▶ **WHAT THE TASK REQUIRES**: Exactly the lines below starting at the line with "bio fertilisants organiques" and ending at the line with "Filmsko veče u" are wanted, with both ends included. Leave out the pictures and add no other lines.

▶ **DATA SECTION**:
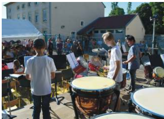
Félicitations à nos jeunes diplômés

La fête s'est terminée par un repas pris en commun avec les professeurs, les élèves et leurs parents ainsi que les membres du conseil d'administration.
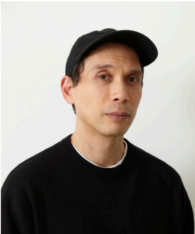
Porträt Josh Kline

Mit Josh Kline (*1979, Philadelphia) tritt die Dimension der umfassenden Entwertung von Arbeit innerhalb der neuen entgrenzten Formen von Kapitalismus auf die Bühne. In Raum 6 ist eine kondensierte Auswahl aus den Werkgruppen «Blue Collars» und «Social Media» zu sehen: ein präzises, materialbasiertes Bild gegenwärtiger Arbeitsverhältnisse – und ihrer Erosion. In der Serie «Blue Collars» richtet sich der Blick auf den Körper von Arbeit:innen. Kline arbeitet hier mit hochauflösenden 3D-Scans realer Personen, deren Körper anschliessend mittels industrieller 3D-Druckverfahren reproduziert werden. Werke wie «Saving Money with Subcontractors» (Fedex Worker’s Hand with Pad) von 2015 zeigen fragmentierte Körperteile, groteske Stillleben der Konsumgesellschaft. Die
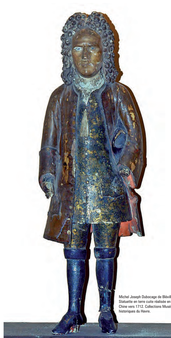
Michel Joseph Dubocage de Bléville. Statuette en terre cuite réalisée en Chine vers 1712. Collections Musées historiques du Havre.

18 h 30, à l'Hôtel Dubocage de Bléville : Inauguration de l'exposition MICHEL JOSEPH DUBOCAGE DE BLÉVILLE (1676-1727), entre découvertes et négoce maritime.
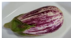
ゼブラなす(縞なす)
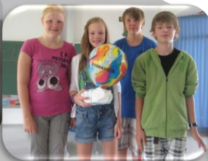
Die Flugobjekte werden vorgestellt.
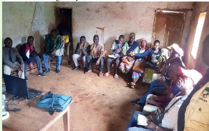
Participation à une séance de formation sur le SPG

* PROFOCAP (Projet de Formation des Conseillers Agro Pastoraux en Agro écologie) qui a facilité la formations des producteurs à l'agro écologie , la fabrication des bio protecteurs et bio fertilisants organiques
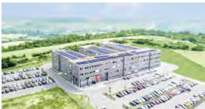
In der Deutschlandzentrale arbeiten rund 700 Menschen.

Egal, welche Qualifikation: Wer gerne im XXXLutz-Team mitarbeiten und die Karriereleiter erklimmen will, meldet sich im neuen Karrierecenter unter karriere.xxxlutz.de . Hier gibt es reichlich Informationen über die zahlreichen Karrierechancen bei XXXLutz in Mainfranken.
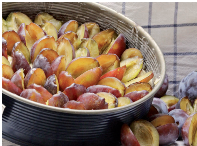
Slivkové koláče sú veľmi obľúbené.

Postup: Sušené slivky zalejeme horúcou vodou a necháme v nej namočené približne 15 minút. Zatiaľ si sušenú šunku rozkrojíme pozdĺžne, každý plátek na dva pásiky. Každú slivku omotáme jedným pásikom sušenej šunky a prepichnete špáradlom. Slivkové závitky pokladíme na plech vystlaný papierom na pečenie a pečieme v rúre vyhriatej na 180 stupňov približne 15 minút.
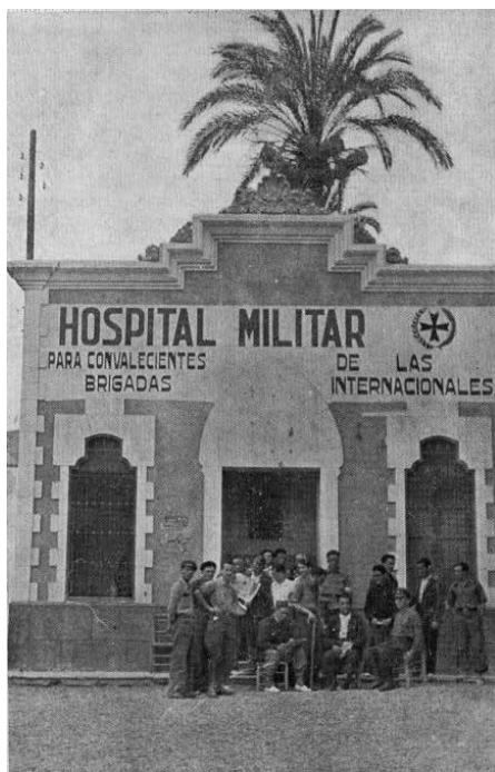
Hospital en Orihuela, AMI, Albacete, n.º 4 (15-11-1937), p. 4.
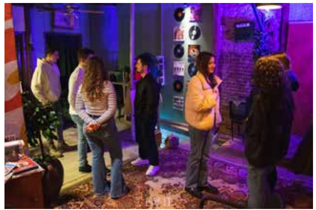
Filmsko veče u Preševu kao želja mladih da se bave temama iz OWIS filmova; foto: Livrit

zaštitu i saradnju među srpskom, albanskom i romskom decom. Kroz kreativne aktivnosti poput zajedničkih crteža i postera, uspešno su radili na podizanju svesti o značaju preventivne zdravstvene zaštite . Pored toga, organizovali su i predavanje kako bi istakli vezu između zdravlja i životne sredine. Inspirisani OWIS filmovima, stvorili smo
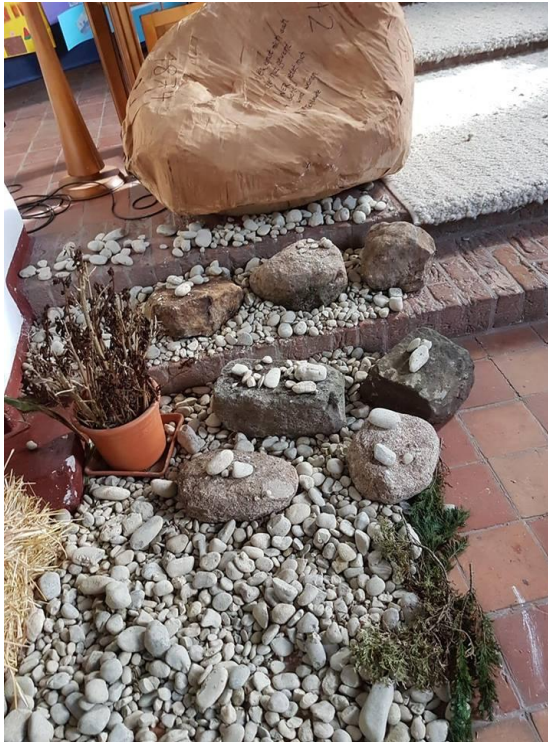
Toll gemacht: Die „dürre“ Seite von 2018 (Ausschnitt)

Einen großen Erfolg in der Unterstützung unseres indischen Patenkindes konnte der Jugendkreis dank Ihrer Hilfe am Erntedankfest bei der Durchführung der Marmeladenbörse verbuchen: Über 500 Euro sind zusammengekommen – das ist eine große Hilfe für die Schul- und Berufsausbildung unseres Patenkindes! Allen Spenderinnen und Spendern, aber natürlich auch unserer treuen „Kundschaft“ sagen wir herzlichen Dank.
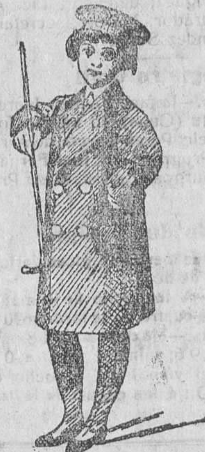
Matelos y gabancitos para niños, de ptas. 12 á 40.

50 modelos diferentes en trajecitos de paño y pana para niños.
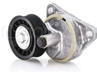
TENSOR DE BANDA TAA • 1999-2002 2.0 L4 GAS

RT-90297 ALT: F53E-6B209-AD / 4KAR-297 / 89297
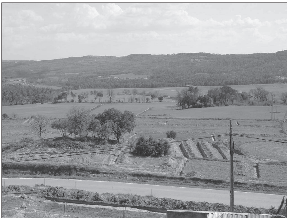
Figura 4. Vista parcial dels camps que ocupa el jaciment de St. Pere de Casserres des de la terrassa superior.

La cinquena zona consisteix en una extensa àrea d'emmagatzematge amb un considerable nombre de sitges, limitat pel cantó sud i est per el camí de Cal Sargantana i per l'oest per un torrent. Cap de les sitges detectades fou excavada, ja que es tractava de delimitar el jaciment en extensió.
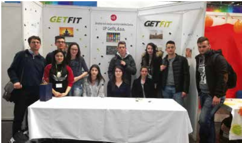
Tik pred odhodom domov

Tako kot že vrsto let dijaki v 3. letniku ustanovijo učno podjetje, v katerem vsak izmed dijakov dela na svojem področju oziroma delovnem mestu. Letos smo dijaki ustanovili učno podjetje z imenom GETFIT, d. o. o. Celo šolsko leto poslujemo z drugimi učnimi podjetji in tudi fizičnimi osebami tako v Sloveniji kot v tujini. Učna podjetja so sicer simulacija pravih podjetij z vsemi potrebnimi oddelki in delovnimi mesti: od direktorja, tajnice, trženja, računovodstva in kadrovske službe. Kar nekaj časa smo poleg rednega poslovanja v letošnjem šolskem letu namenili pripravi na mednarodni sejem v Celju, ki se ga je udeležilo 57 učnih podjetij, od tega je bilo kar 24 tujih (Italija, Avstrija, Romunija, Hrvaška). Na sejmu smo predstavljali svoje učno podjetje in celotno ponudbo, prodajali svoje storitve drugim učnim podjetjem in obiskovalcem ter se udeležili tudi treh poslovnih razgovorov. Poslovali in nakupovali pa smo od drugih učnih podjetij, saj je bila ponudba res

▶ **RESPONSE TO THIS EXERCISE**:
* PROFOCAP (Projet de Formation des Conseillers Agro Pastoraux en Agro écologie) qui a facilité la formations des producteurs à l'agro écologie , la fabrication des bio protecteurs et bio fertilisants organiques
In der Deutschlandzentrale arbeiten rund 700 Menschen.

Egal, welche Qualifikation: Wer gerne im XXXLutz-Team mitarbeiten und die Karriereleiter erklimmen will, meldet sich im neuen Karrierecenter unter karriere.xxxlutz.de . Hier gibt es reichlich Informationen über die zahlreichen Karrierechancen bei XXXLutz in Mainfranken.
Slivkové koláče sú veľmi obľúbené.

Postup: Sušené slivky zalejeme horúcou vodou a necháme v nej namočené približne 15 minút. Zatiaľ si sušenú šunku rozkrojíme pozdĺžne, každý plátek na dva pásiky. Každú slivku omotáme jedným pásikom sušenej šunky a prepichnete špáradlom. Slivkové závitky pokladíme na plech vystlaný papierom na pečenie a pečieme v rúre vyhriatej na 180 stupňov približne 15 minút.
Hospital en Orihuela, AMI, Albacete, n.º 4 (15-11-1937), p. 4.
Filmsko veče u Preševu kao želja mladih da se bave temama iz OWIS filmova; foto: Livrit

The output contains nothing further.